Just such a day which could not be properly borne was that on which Don (Don!) drove him back to Leominster, to learn that his whole family bar one had been wiped out. Just such a day, or as near a one as damn-it, was Tuesday last week – and Wednesday – and Thursday and Friday morning, all days when he woke up to see no logical reason why Nat shouldn't have joined those others he was kin to in extinction.

Today, however, is not one of this terrible sort, or not so far, Pete hastily checks himself: uncertainty is of existence's very essence. Nat may be both troubled and in trouble, but he's incon-testably alive. And Pete's relationships with his fellow-townsfolk here in south Shropshire, with those customers who know him personally, and, even after all that has happened between them, with Izzie, his ex, are better, more beautiful, than ever they have been. And isn't that something! Not forgetting what's opening up, at long last, between Nat and himself.

‘My son's sound asleep,' Pete says, ‘in fact I gave him a tablet. We've had as gruelling a morning as you could ever not hope to have.
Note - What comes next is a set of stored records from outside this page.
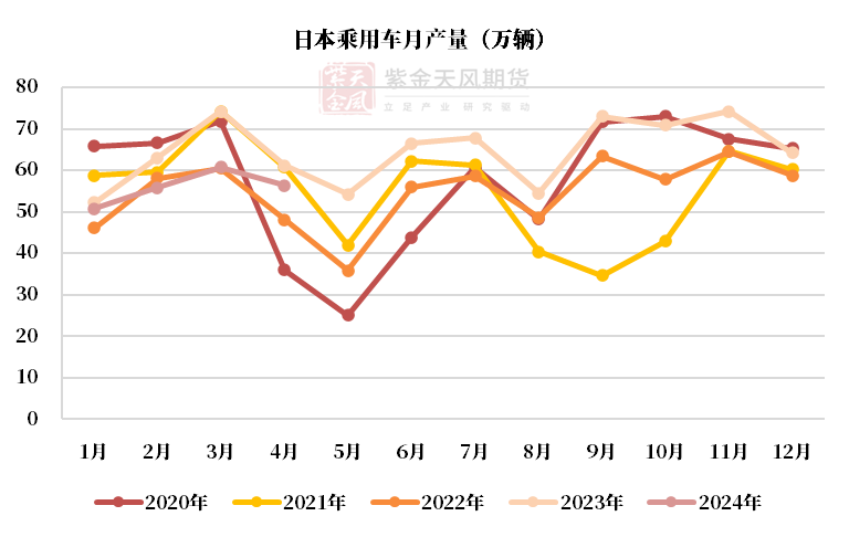 乘用车生产情况:2024年1-3月欧盟乘用车产量同比减少2.2%,处于历史较高位置;2024年1-4月日本乘用车产量同比减少10.8%,处于历史较高位置;2024年1-4月印度乘用车产量同比增加7.4%,处于历史高位。就今年1-4月的欧盟、日本和印度乘用车产量来看,乘用车配套消耗天然橡胶较去年同期减少。我们估计,2024年预计中国乘用车供应市场份额进一步增加。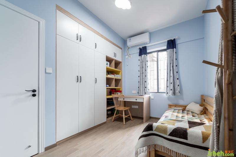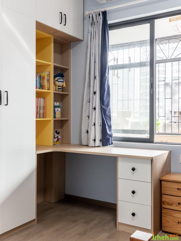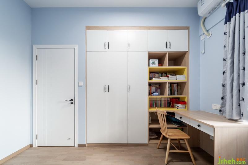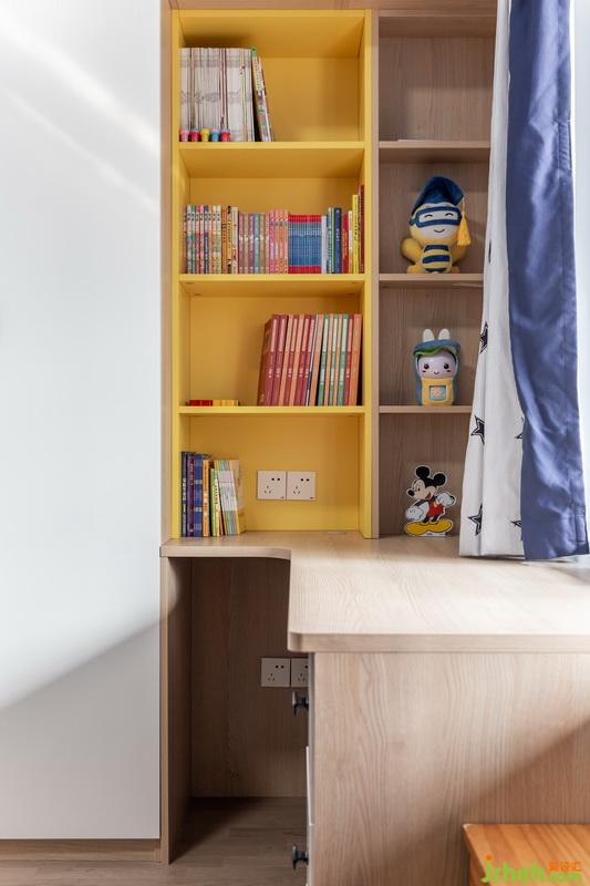 天藍(lán)色的墻壁,云朵造型的燈。黃色層板將書(shū)柜點(diǎn)綴得充滿生氣與活力,正適合小男孩聰明活潑的性情。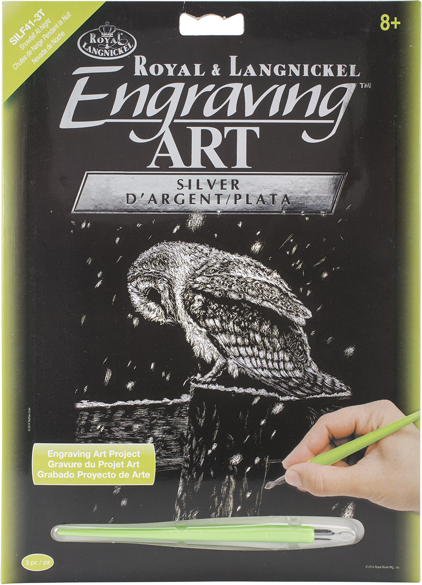ROYAL LANGNICKEL-Engraving Art. Easy to use Engraving Art allows you to create fantastic foil artwork. You simply scrape the lines that are pre-printed on the board with the provided tool. This package contains one 10x8in pre-printed board, a practice board and scraping tool. Available in Silver, Gold, Copper, holographic, rainbow and more: each sold separately. Recommended for children ages 8 and up. WARNING: Functional Sharp Object. Not for children under 3 years. Imported.

We're not out of the woods yet, you see.' He despises himself for this last, overworked cliché, but then sometimes clichés are both useful and comforting as other more first-hand phrases aren't. They remind you how many countless others have been in your predicament, and have found it so hard to cope with that they couldn't come up with adequate original words to convey its quality. Anyway, isn't the present predicament really rather like being dumped in the middle of some dense, lightless, coniferous forestation, with no natural path out? ‘So I think we'd better stay down here in the shop, Don,' he doesn't find the man's first name easy to deliver, ‘where we can't disturb him. I can put the kettle on for us in the little kitchen back there, if you like… Tea? Coffee?'

‘Tea'd be fine, Pete, but in your own time, man, in your own time. I'm in no hurry, though I wouldn't want to outstay any welcome you're good enough to give me.' He seems to Pete to be speaking without a hint of irony, let alone reproof. ‘I'm really here as a messenger, Pete. As you've probably already guessed.'

I've hardly had the time to fucking guess anything, thinks Pete. But even as he articulates this to himself, he appreciates that there's no way Don Parry could have come over from Leominster on his own account.

‘Sam Price?'

‘Sam, yes!' assents Don Parry, clearly glad the name has been first uttered by Pete rather than himself. There's a look of strong resolve and optimistic good will on the man's somewhat florid face.

‘Sam's followed the case of your missing lad, followed every bit of it,' says Don slowly, and his eyes give Pete's own now blanching face an unswerving attention that he finds both discomfiting and curiously tranquillising, ‘and naturally when he heard where Nat was found… well, he was delighted on your behalf, of course. But he has his memories, you know.'

‘I'll bet!' says Pete, ‘and so he should.' Though – at least on that occasion – Sam himself never made it to Pistyll Rhaeadr and the mountains at its back.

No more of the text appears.